I must stop this. I simply cannot yet see a way to do so.

The arguments with my father escalate until he threatens disinheritance, damnation – death, even, in some of his wilder moments. But he is an old man, now, his body ageing more rapidly than his mind, and he is turning helpless. There is nothing he can do, yet he does no realise that I am in exactly the same position.

Of course, everything changes when we stumble across the vampires in the sewers.

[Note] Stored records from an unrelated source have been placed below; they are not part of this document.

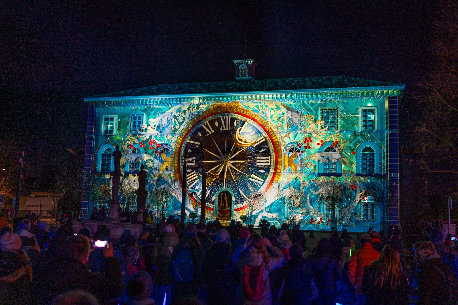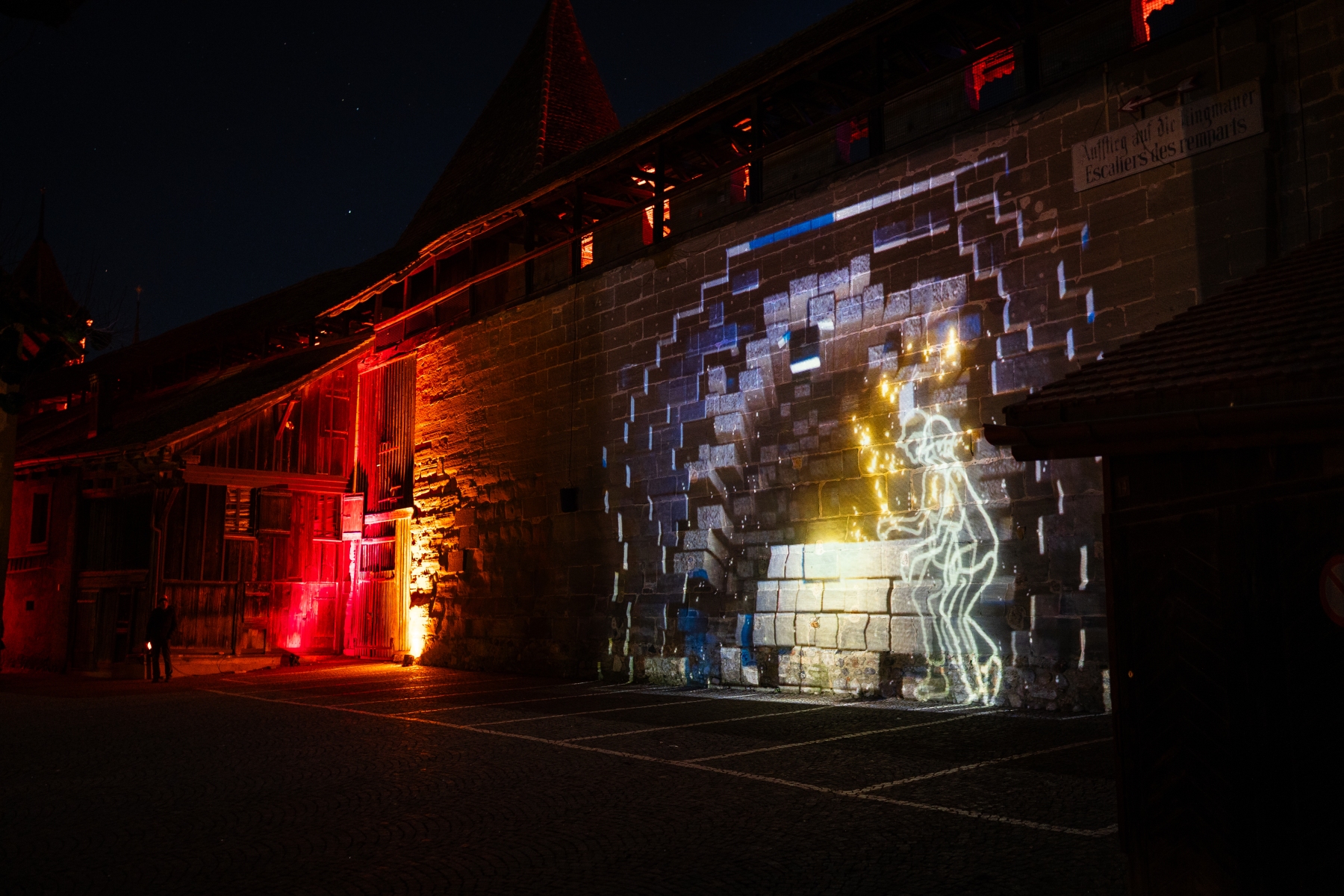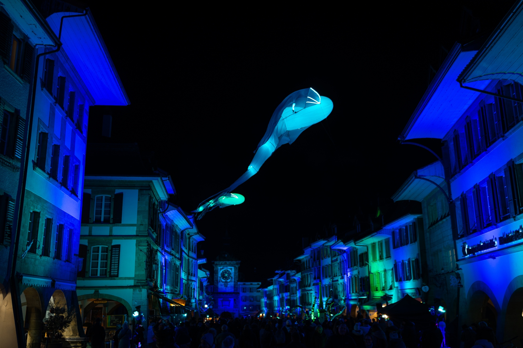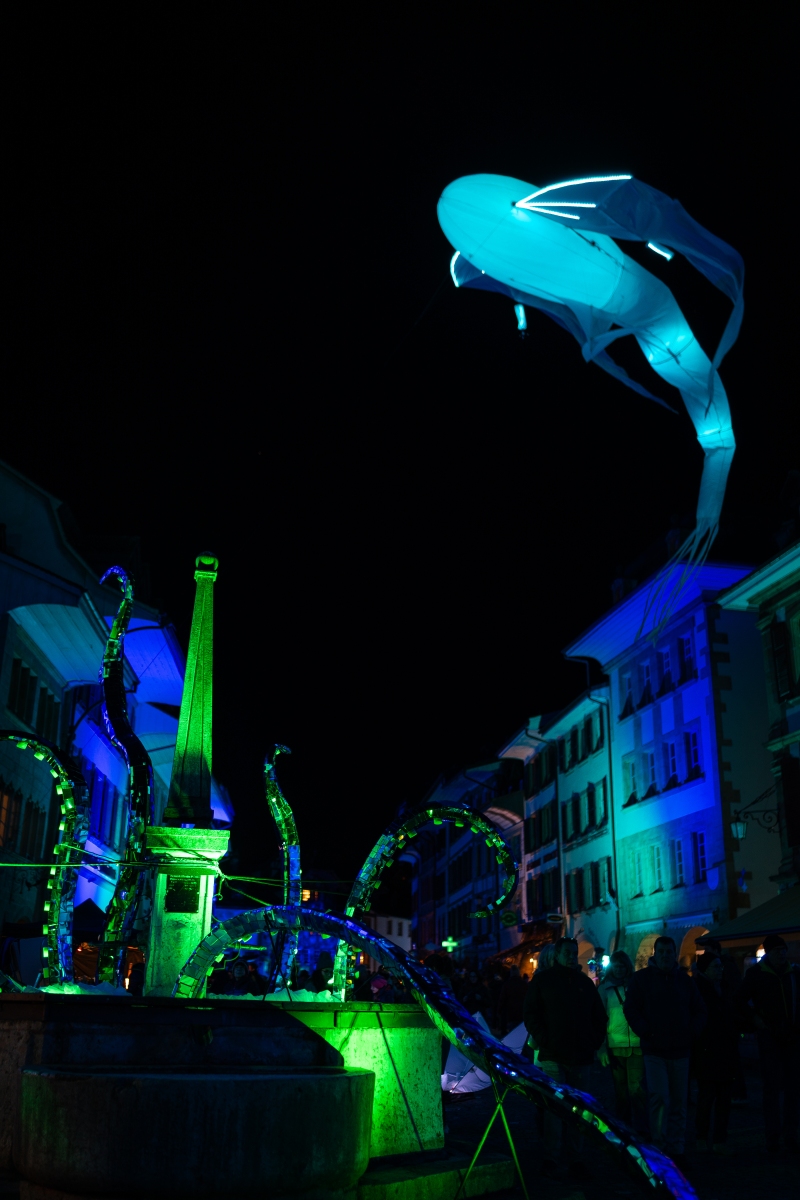 Promenade au 10ème festival des lumières de Morat. Pour cette éditon retour des baleines volantes dans la rue centrale et comme chaque année une nouvelle projection sur l’école Berntor.
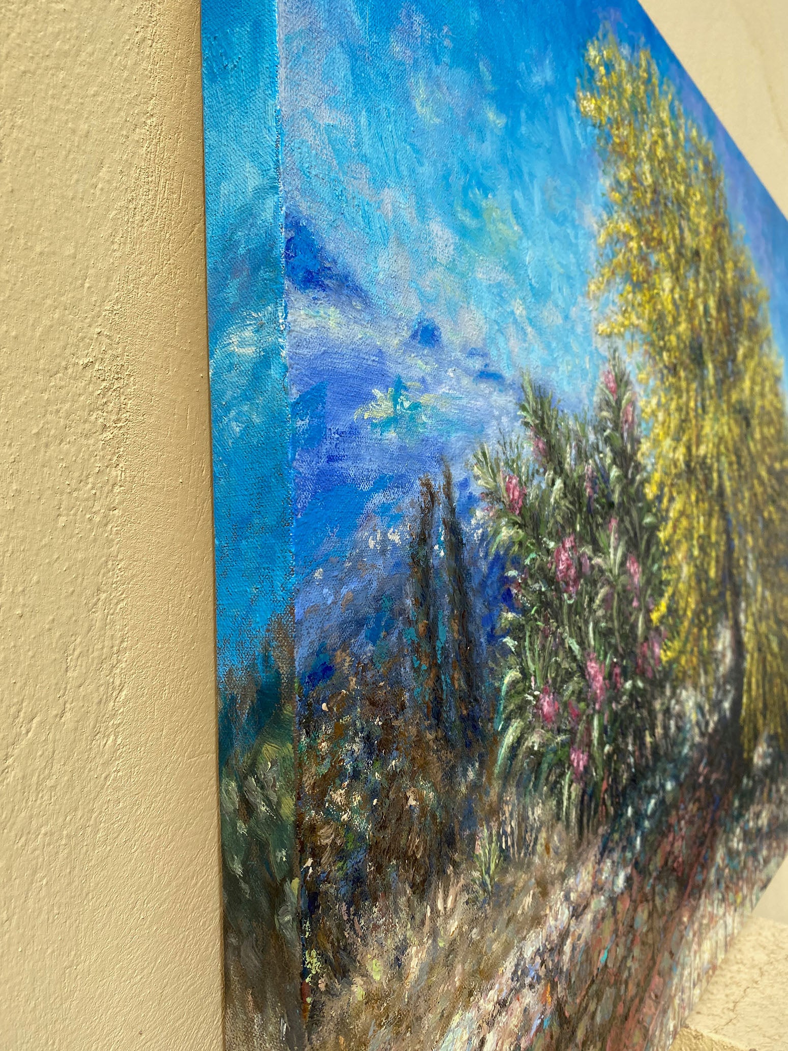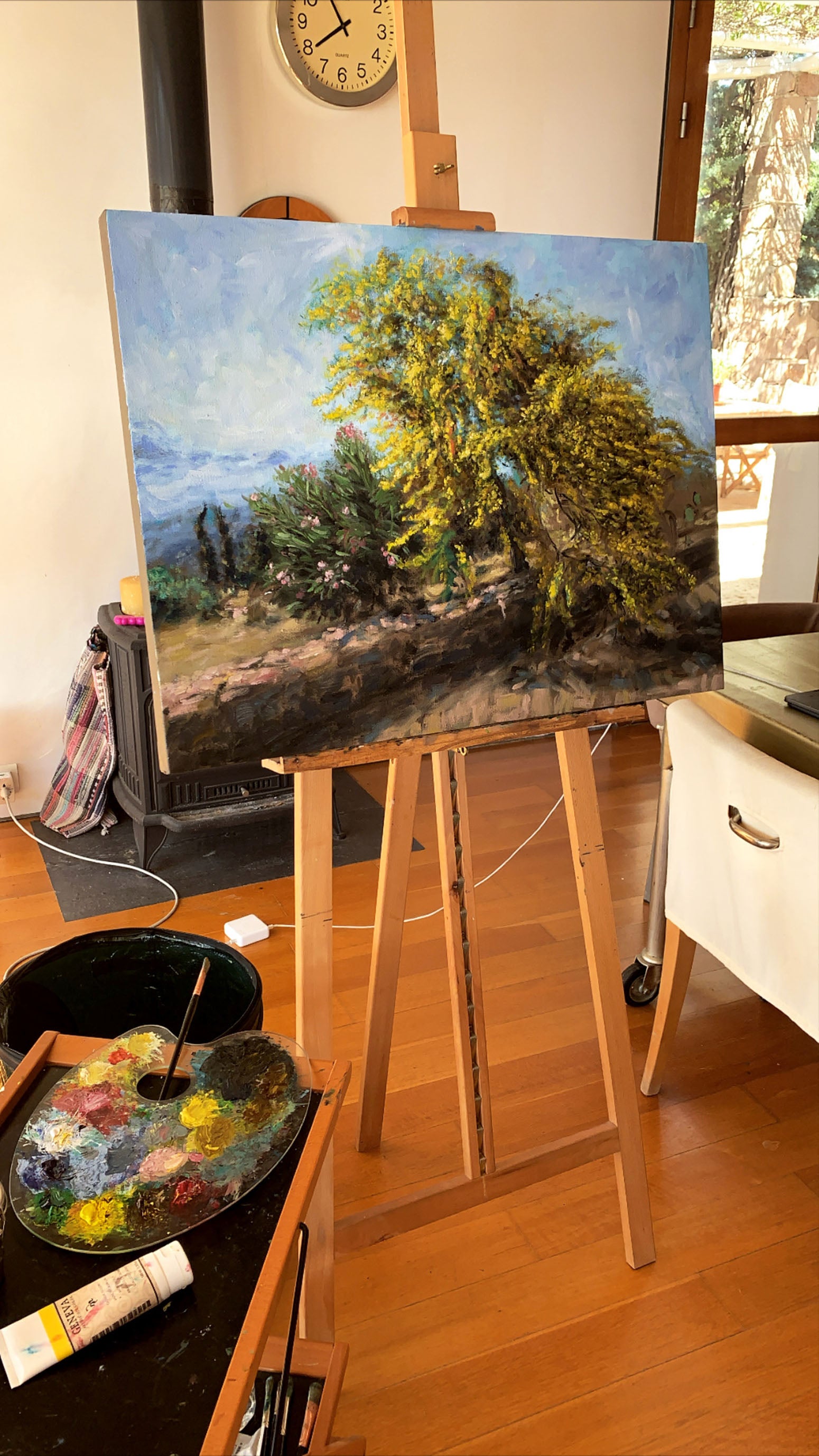 - Πρωτότυπος πίνακας του Ζαχαρία Ζορμπά με τίτλο "Ανθισμένη Ακακία στους Τζίκηδες της Αίγινας" χειροποίητος στην Αίγινα, Ελλάδα
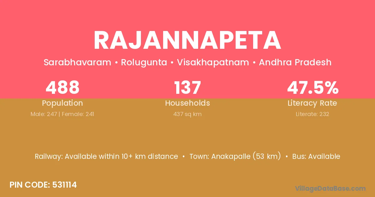 Rajannapeta village has a total population of 488 people, of which 247 are males and 241 are females.
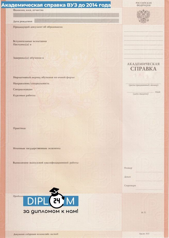 - Комплектация: заполненный бланк академической справки с печатями и подписями
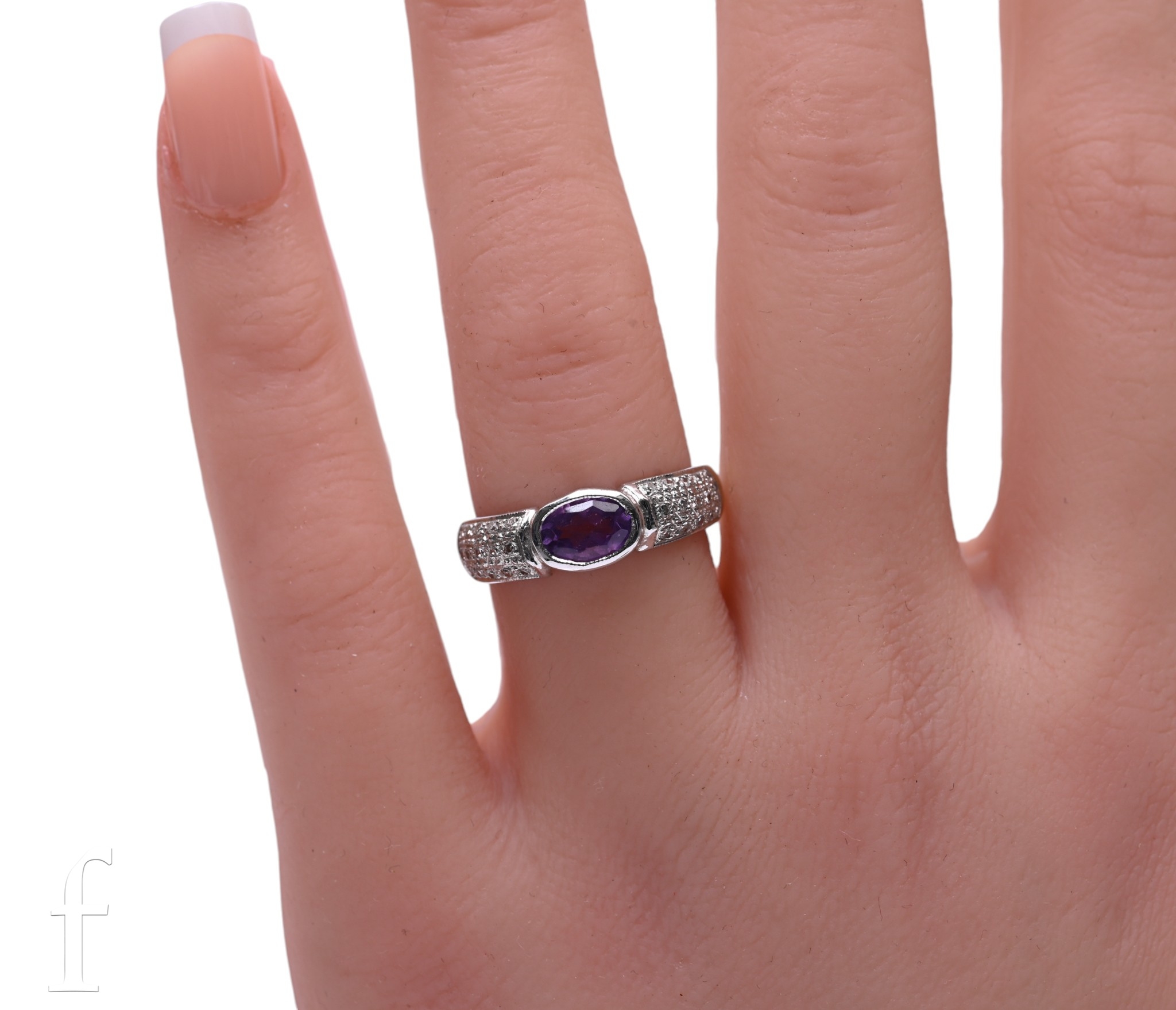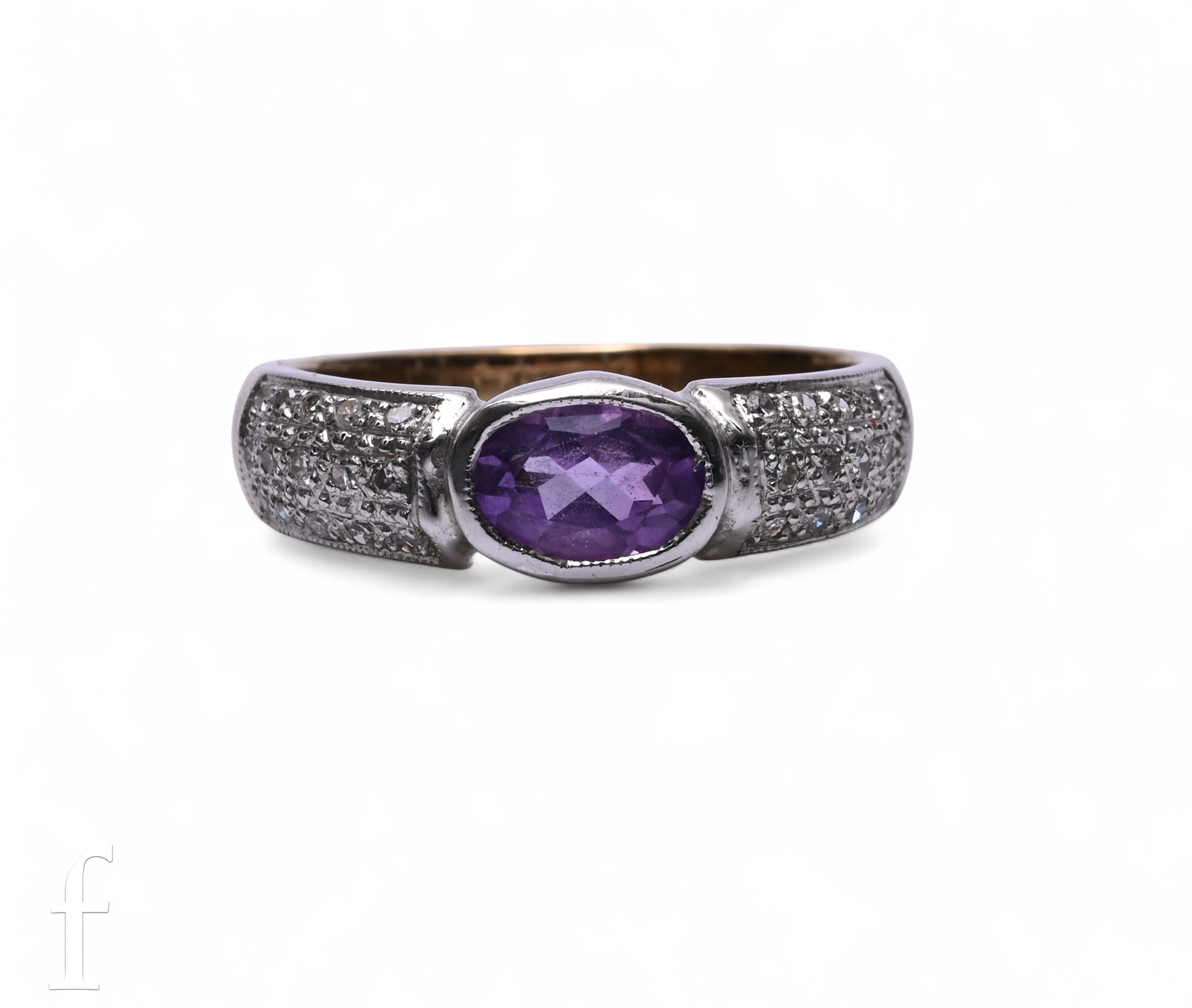 An amethyst and diamond 9 carat gold stone set dress ring, the central amethyst flanked by two diamond set panels, marked .375, total weight 3.7g, Sheffield 2001, ring size L 1/2.

It is a most dreadful irony that we finally – finally! – encounter true servants of the Devil, true monsters, right when my despair has reached its peak. The deaths, remarkable only in that they are violent and messy, have been ongoing for some time, and little attention is given to them in the beginning. So many are dying, by disease, starvation or betrayal, that no one can claim one set of deaths are of more importance than another. People are regularly turning upon one another, friend against friend, family against family, and most betrayals end in death, sadly enough. If I am being honest, I almost expect to awaken and see my father standing over me with a dagger in his hand and murder in his eyes.

However, gradually, we realise that these particular deaths all follow a similar pattern, suggesting a curious sort of vendetta indeed. We finally see that we have a very different sort of monster on our hands when a poor soul stumbles across one of the murders, witness to the crimson eyes and the glistening, sharp teeth in the bloodstained mouth of the demon. He barely escapes with his life, his screams alerting friends of my father's who happen to be walking by at that precise moment, and they also bear witness to the creature before he flees.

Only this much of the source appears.